• [How to complete this task] The listing below holds pictures; exclude them. Return exactly the lines from the one with "Vanity Stool Vanity" through the one with "You might be".

• [Data records]
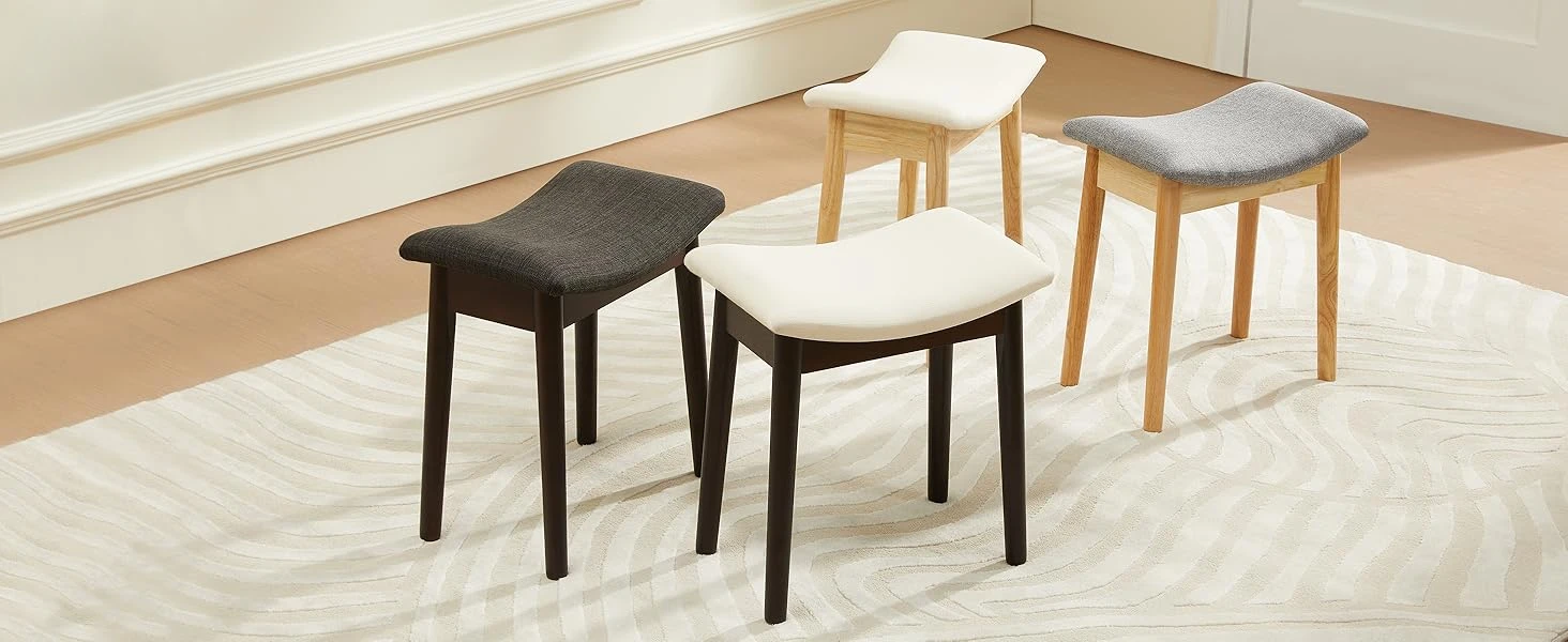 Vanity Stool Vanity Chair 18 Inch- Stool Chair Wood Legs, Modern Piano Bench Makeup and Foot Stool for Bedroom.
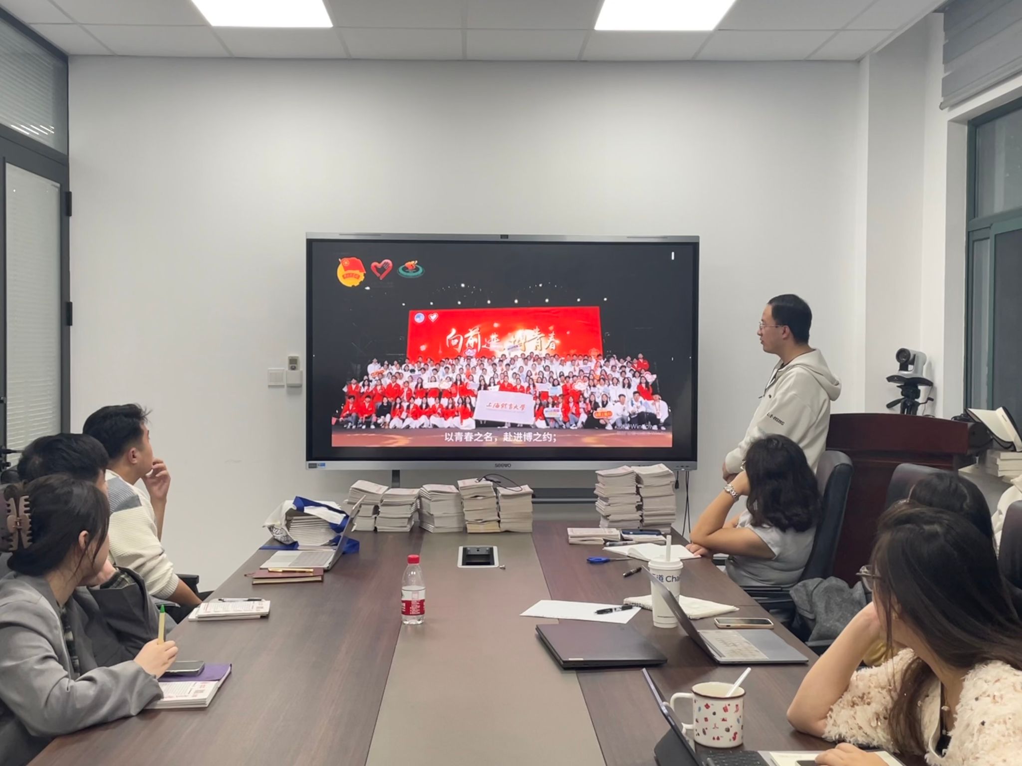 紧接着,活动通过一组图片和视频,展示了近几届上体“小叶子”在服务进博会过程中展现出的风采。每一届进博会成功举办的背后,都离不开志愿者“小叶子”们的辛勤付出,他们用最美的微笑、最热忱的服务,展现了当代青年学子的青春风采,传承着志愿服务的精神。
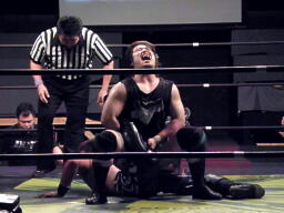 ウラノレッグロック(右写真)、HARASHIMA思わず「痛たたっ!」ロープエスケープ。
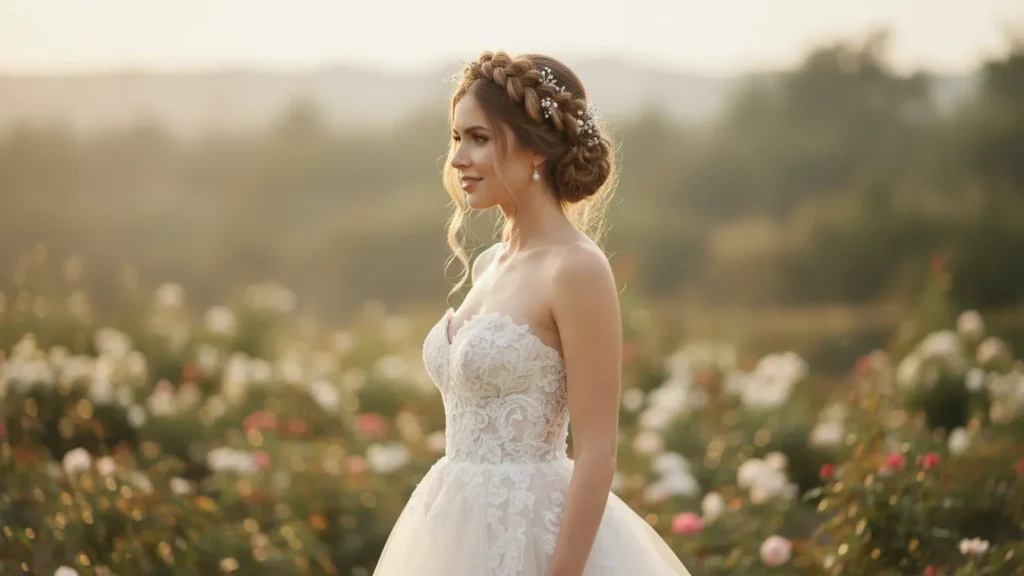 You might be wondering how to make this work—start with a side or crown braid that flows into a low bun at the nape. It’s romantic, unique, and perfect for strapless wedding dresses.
...
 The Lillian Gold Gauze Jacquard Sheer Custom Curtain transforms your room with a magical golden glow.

• [Output below]
 Vanity Stool Vanity Chair 18 Inch- Stool Chair Wood Legs, Modern Piano Bench Makeup and Foot Stool for Bedroom.
 紧接着,活动通过一组图片和视频,展示了近几届上体“小叶子”在服务进博会过程中展现出的风采。每一届进博会成功举办的背后,都离不开志愿者“小叶子”们的辛勤付出,他们用最美的微笑、最热忱的服务,展现了当代青年学子的青春风采,传承着志愿服务的精神。
 ウラノレッグロック(右写真)、HARASHIMA思わず「痛たたっ!」ロープエスケープ。
 You might be wondering how to make this work—start with a side or crown braid that flows into a low bun at the nape. It’s romantic, unique, and perfect for strapless wedding dresses.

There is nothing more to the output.